Mark Blumenthal had a long and very interesting analysis on the issues surrounding the Gallop polling of the last U.S. Presidential Election for Huffington Post.

As most know, the Gallop tracking polling before Nov 7 did not give an accurate picture on what was happening around the country – in fact they showed that Mitt Romney would win.

Mark notes:

Obama prevailed in the national popular vote by a nearly 4 percentage point margin. Gallup’s final pre-election poll, however, showed Romney leading Obama 49 to 48 percent. And the firm’s tracking surveys conducted earlier in October found Romney ahead by bigger margins, results that were consistently the most favorable to Romney among the national polls.

In the analysis Mark goes through what could have cause such errors – from how the samples were collected to the balance in the electorate that Gallop used.

Mark also notes the need for transparency in such methodologies.

I recommend that anyone who is interested in polls and the measurement of wider opinion read the article.

He concludes by saying:

Given the scrutiny that has fallen upon pollsters for last year’s presidential predictions, let’s hope the “interested parties” include all of us.

As a national security think tank we must ask, do such issues raised in this analysis have wider concerns than just the US presidential election?

With millions of US taxpayer dollars being spend on opinion polls around the world for the US State Department and US Department of Defense (and other agencies) there is a need to put such surveys into the right context – to understand their limitations as well as what not to use them for.

Opinion research in Afghanistan provides a good example of some of the problems.

Political leaders from around the world have used polling reports from Afghanistan to sway domestic opinion, to try and judge if programs have been “successful,” and more crucially have been used to make key political and military decisions in Afghanistan.
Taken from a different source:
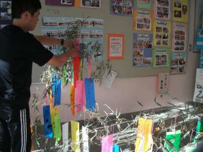 九品仏商店街に飾られる笹飾りが仕上がりました。「宇宙に行きたい」「サッカー選手になって、ワールドカップで優勝したい」などの1年生から6年生までの願いごとが書かれた短冊に子どもたちの夢がいっぱいつまっていました。

These reports have included such questions as “Right Direction,” how Afghan feels about the Unites States and NATO, or how Afghans feel about a certain political leader or institution.  You can check out many organizations that have produced such products.

These polling reports may be appropriate to a country such as the U.S. or the UK, where there is a deep understanding of the cultures and grounded background data (such as SIMMONS and census information) that allows sampling and trending to be possible – and even then, as Mark Blumenthal notes, they can be significantly wrong – and lead to wrong decisions.
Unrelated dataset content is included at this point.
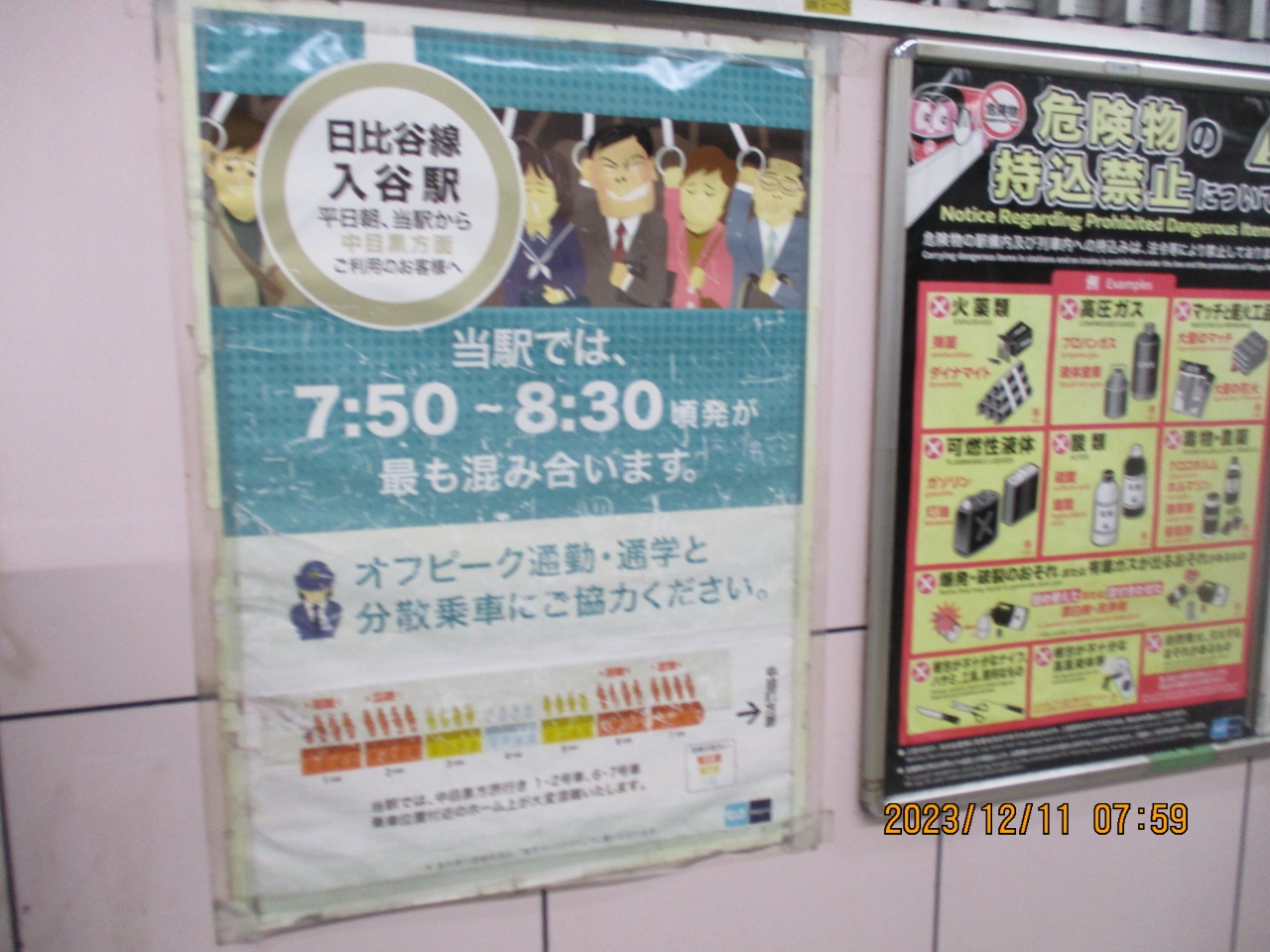 宿泊したホテルが日比谷線入谷駅まえです。駅のホームにはポスターに混雑時間の表示が有ります。0750-0830頃。

In Afghanistan – the cities, provinces, districts, villages where we try and influence and conduct public diplomacy there is no such basic data.

Without the in-depth background data such census reports, it is impossible to glean significance from polling and other quantitative research.

We do not know for certain how many people live in Afghanistan, what is the ethnic make up of the country or individual political unit, different age ranges etc. – many of the figures used by research organizations could also be subject to highly political influence (e.g. the ethnic make up in the country).

So in fact because there is not the sophisticated and base line of population modeling, sampling research cannot be accurately projected to a wider population.

The results of polling then are very unreliable. All they give us is what the three thousand or so people told a pollster at that very moment.

Unfortunately this can lead to dangerous conclusions and poor decision-making. I would recommend our report last year on measuring success in Afghanistan – here

We must recognize the limitations of opinion polling, and move on from it.